Brief>
Exclude any images and output the remaining records exactly.

Entries provided>
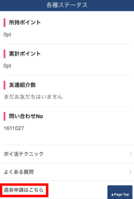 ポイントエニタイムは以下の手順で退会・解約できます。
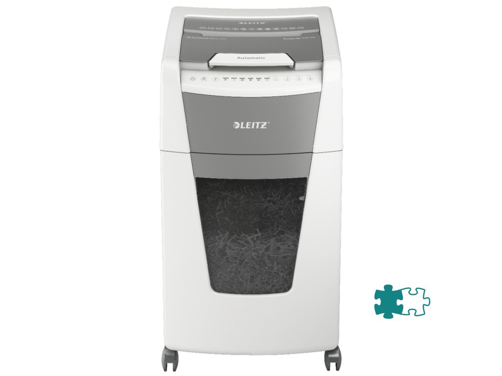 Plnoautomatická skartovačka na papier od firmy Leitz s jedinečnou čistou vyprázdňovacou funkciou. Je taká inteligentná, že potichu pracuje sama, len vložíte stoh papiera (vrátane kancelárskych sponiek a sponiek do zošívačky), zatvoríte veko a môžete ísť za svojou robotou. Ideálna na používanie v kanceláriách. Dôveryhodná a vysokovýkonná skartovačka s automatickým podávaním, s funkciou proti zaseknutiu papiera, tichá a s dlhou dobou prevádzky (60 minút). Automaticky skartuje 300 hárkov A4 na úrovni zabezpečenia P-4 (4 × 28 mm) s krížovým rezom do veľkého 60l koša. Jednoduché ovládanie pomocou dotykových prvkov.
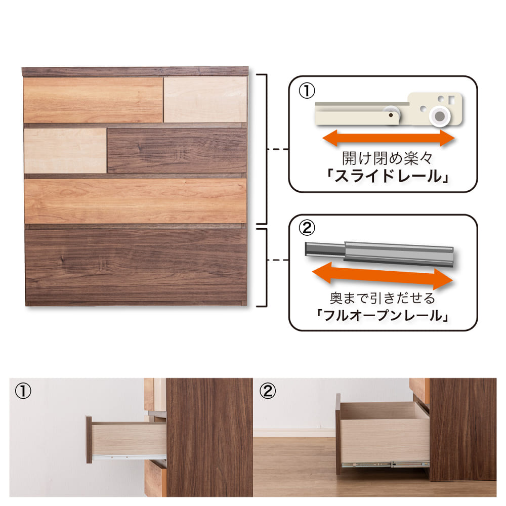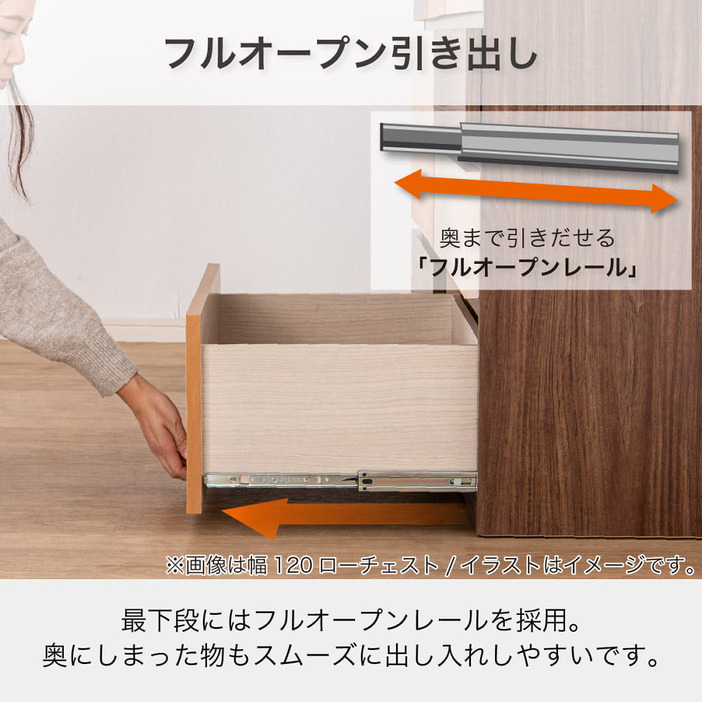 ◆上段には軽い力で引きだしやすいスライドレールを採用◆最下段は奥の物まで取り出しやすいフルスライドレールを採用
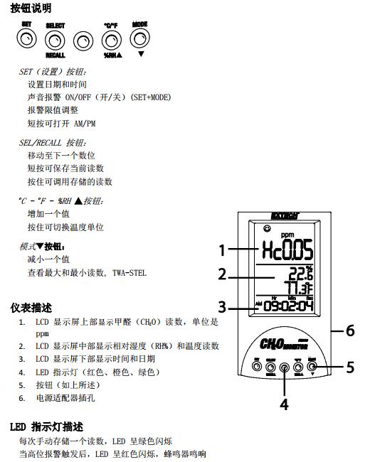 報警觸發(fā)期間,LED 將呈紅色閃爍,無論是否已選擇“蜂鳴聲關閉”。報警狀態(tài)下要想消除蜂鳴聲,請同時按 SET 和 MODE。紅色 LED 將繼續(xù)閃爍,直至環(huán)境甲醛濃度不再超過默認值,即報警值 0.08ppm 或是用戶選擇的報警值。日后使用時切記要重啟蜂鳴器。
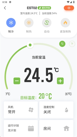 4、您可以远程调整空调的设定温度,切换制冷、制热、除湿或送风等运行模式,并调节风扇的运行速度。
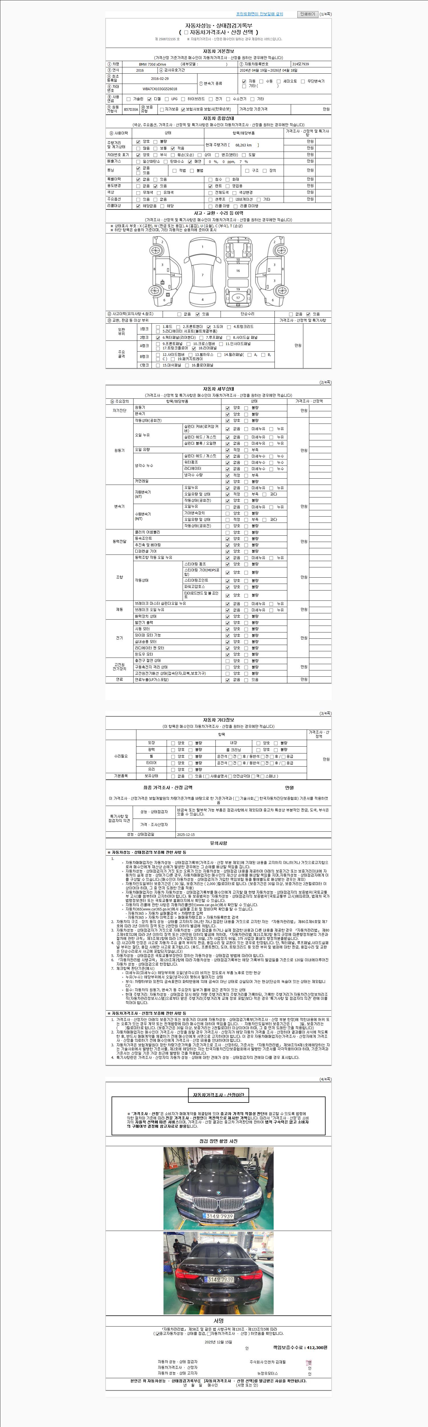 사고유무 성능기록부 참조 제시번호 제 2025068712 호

Exercise result>
 ポイントエニタイムは以下の手順で退会・解約できます。
 Plnoautomatická skartovačka na papier od firmy Leitz s jedinečnou čistou vyprázdňovacou funkciou. Je taká inteligentná, že potichu pracuje sama, len vložíte stoh papiera (vrátane kancelárskych sponiek a sponiek do zošívačky), zatvoríte veko a môžete ísť za svojou robotou. Ideálna na používanie v kanceláriách. Dôveryhodná a vysokovýkonná skartovačka s automatickým podávaním, s funkciou proti zaseknutiu papiera, tichá a s dlhou dobou prevádzky (60 minút). Automaticky skartuje 300 hárkov A4 na úrovni zabezpečenia P-4 (4 × 28 mm) s krížovým rezom do veľkého 60l koša. Jednoduché ovládanie pomocou dotykových prvkov.
 ◆上段には軽い力で引きだしやすいスライドレールを採用◆最下段は奥の物まで取り出しやすいフルスライドレールを採用
 報警觸發(fā)期間,LED 將呈紅色閃爍,無論是否已選擇“蜂鳴聲關閉”。報警狀態(tài)下要想消除蜂鳴聲,請同時按 SET 和 MODE。紅色 LED 將繼續(xù)閃爍,直至環(huán)境甲醛濃度不再超過默認值,即報警值 0.08ppm 或是用戶選擇的報警值。日后使用時切記要重啟蜂鳴器。
 4、您可以远程调整空调的设定温度,切换制冷、制热、除湿或送风等运行模式,并调节风扇的运行速度。
 사고유무 성능기록부 참조 제시번호 제 2025068712 호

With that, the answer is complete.